Let’s do a second example to illustrate the application of the genetic algorithm in a different field, although it has no purpose as a practice. This time, our goal is to get a target sentence from random letters. As the fitness value, let’s use the Leveinstein distance, which indicates how many changes need to be made to get from one expression to the other one. The smaller this distance, the closer the two expressions will be. We are trying to converge to the target of the genetic algorithm (“genetic algorithm is actually pretty cool”), which is established with a structure similar to the previous example. Figure 7 shows the population’s strongest chromosome in each iteration and the fitness value of that chromosome. In this way, we achieve the goal by getting better step by step.
Finally, for another example, let’s try to reach a target image (Figure 8) by using random pixel values.

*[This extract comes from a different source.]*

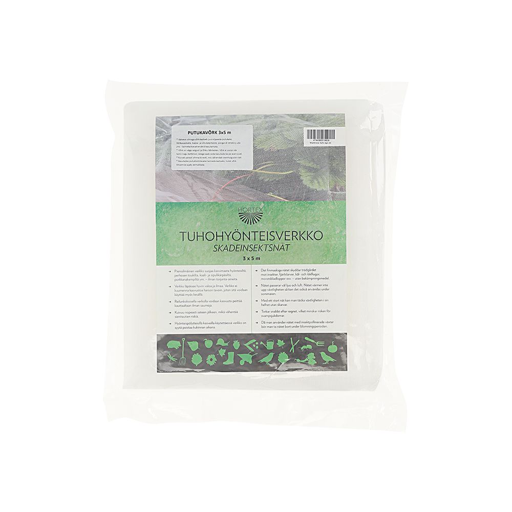 Putukavõrk taimedele 3×5 m, 7 m² – Putukavõrk kaitseb köögivilju taimekahjurite eest. Keskkonnasõbralik, vähendab pestitsiidide kasutamise vajadust. Hoiab kärbsed, lehetäid, kirbud ja mardikad mehaaniliselt kontrolli all. Laseb läbi õhku ja vett ning kaitseb tuule, rahe ja tugeva vihma eest. Kaitseb lindude ja loomade eest..
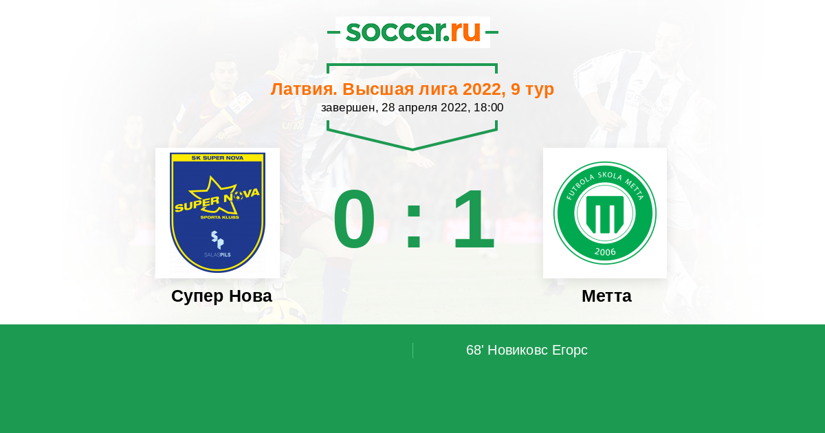 68' (0:1) Новиковс Егорс (13)

In this problem, we take the difference between the chromosomes and the pixels in the original image as the fitness value. The smaller the difference, the closer we are to the original image. The strongest chromosomes in different iterations and the improvement in the model are shown in the figure below.
The first two applications were implemented not in the most efficient but a straightforward way in order to follow the working logic of genetic algorithms better without using a library. Yet, the code for the last example was developed using the PyGAD to show how to use a library for genetic algorithms. You can access these codes of the examples on GitHub; example1, example2, example3.